HONORABLE MENTIONS: Eighteen More Excellent & Undervalued Episodes of XENA: WARRIOR PRINCESS (Post 3 of 9)

Welcome to another Xena Thursday! Today, we’re continuing our series on 18 “Honorable Mentions” that were not included in my list of the 60 best episodes. But first, if you’re unfamiliar with the series, Xena: Warrior Princess was a spin-off of Hercules: The Legendary Journeys and aired in first-run syndication from 1995 to 2001. Taking place primarily in Ancient Greece, the show focused on Xena (Lucy Lawless), a reformed warlord seeking redemption for her evil past by helping others. She traveled with her best friend, Gabrielle (Renée O’Connor), an aspiring bard and the chronicler of Xena’s adventures.
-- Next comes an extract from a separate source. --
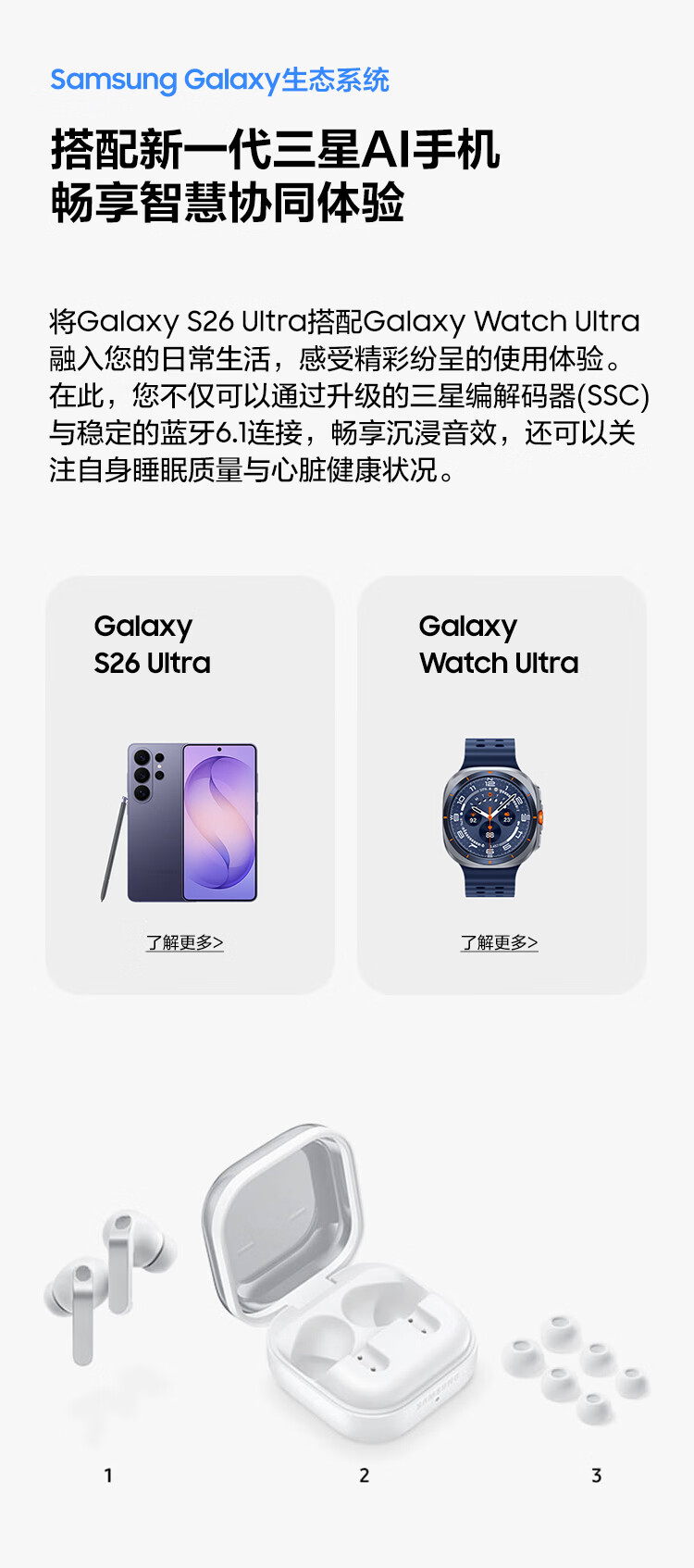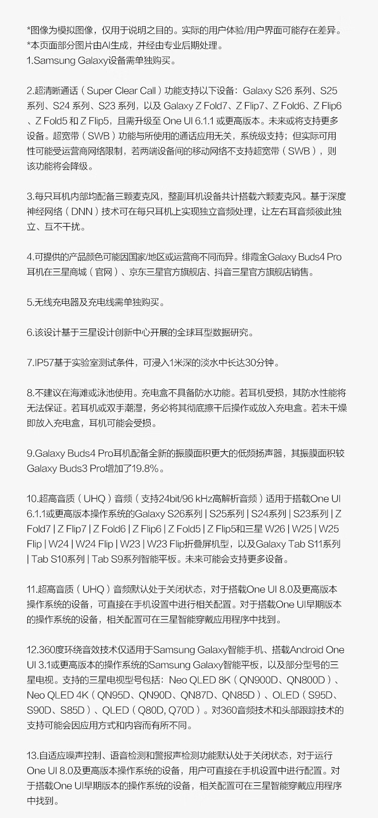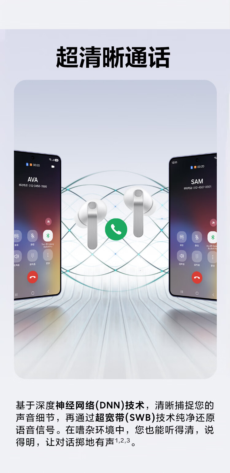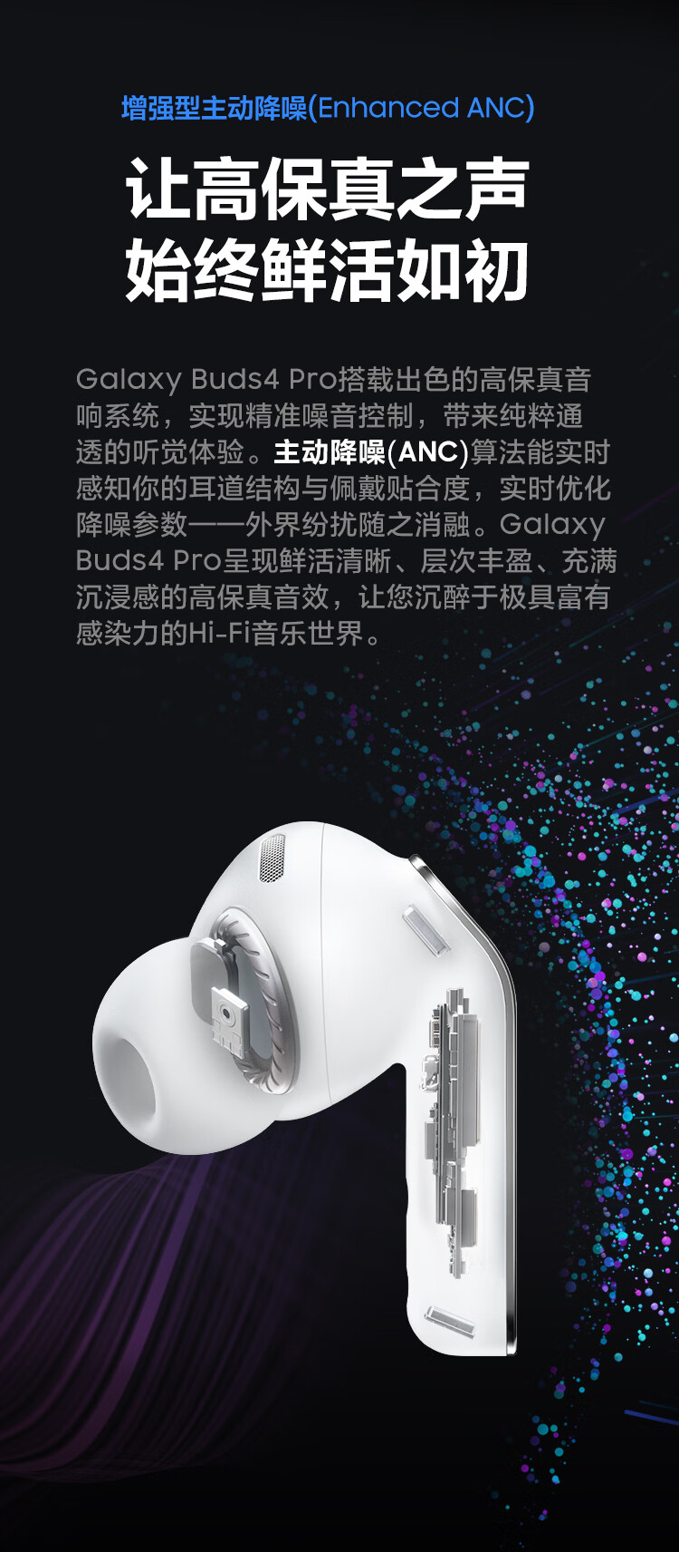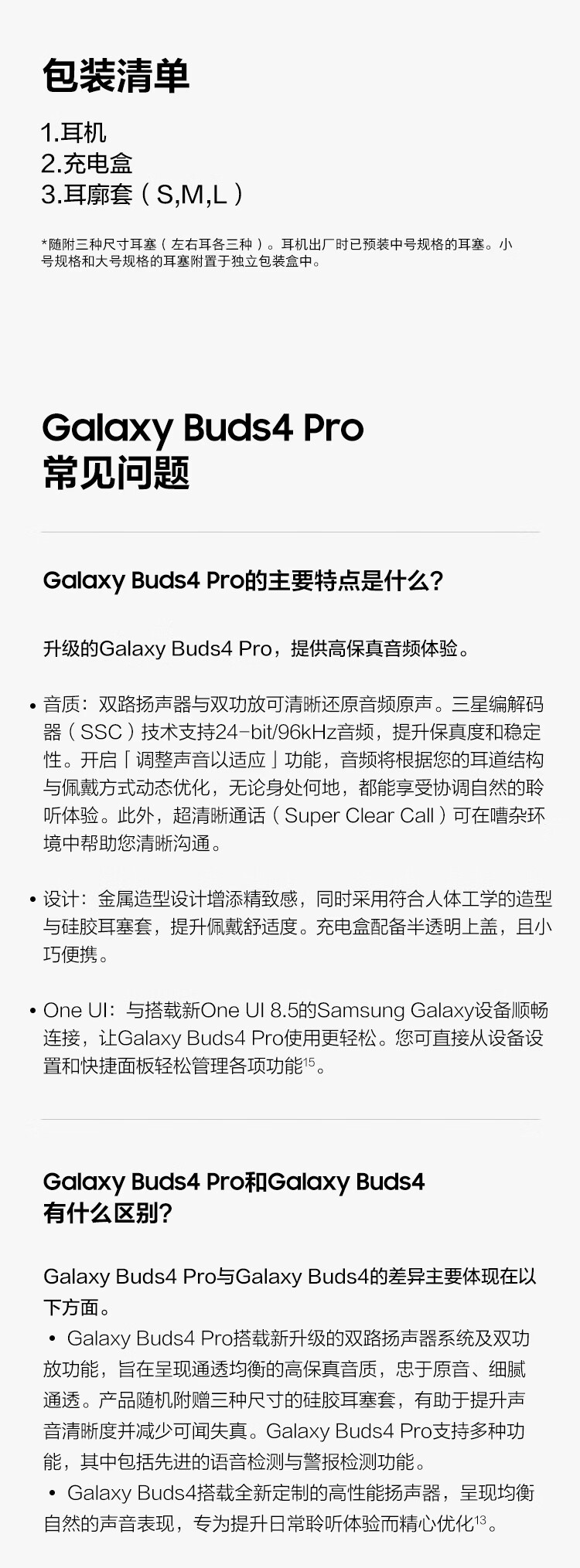三星 Samsung Buds4 Pro 增强型自适应主动降噪无线蓝牙耳机/入耳式耳机/翻译耳机 映雪白

For those who are familiar with the series, I hope my points-of-view will prove fascinating and perhaps inspire you to reexamine your favorite, or perhaps least favorite, episodes. For those who are unfamiliar with the series, this list might spark your interest and give you some places to start. Since Xena did so many different things over the 134 episodes, this is the type of show that requires multiple viewings to be properly assessed. So, newbies, if a particular story strikes your fancy, I encourage you to give it a try! In fact, contact me and I will be able to hook you up.With all that said, let’s discuss two more underrated Xena episodes that nearly made my “best of” list. (They are presented in chronological order.)


05. Season 2, Episode 7: “Intimate Stranger” (Aired: 11/11/96 | Filmed: 07/17 – 07/26 & 10/21/96)

Xena’s life takes a nightmarish turn when Callisto escapes from the Underworld by infiltrating her dreams.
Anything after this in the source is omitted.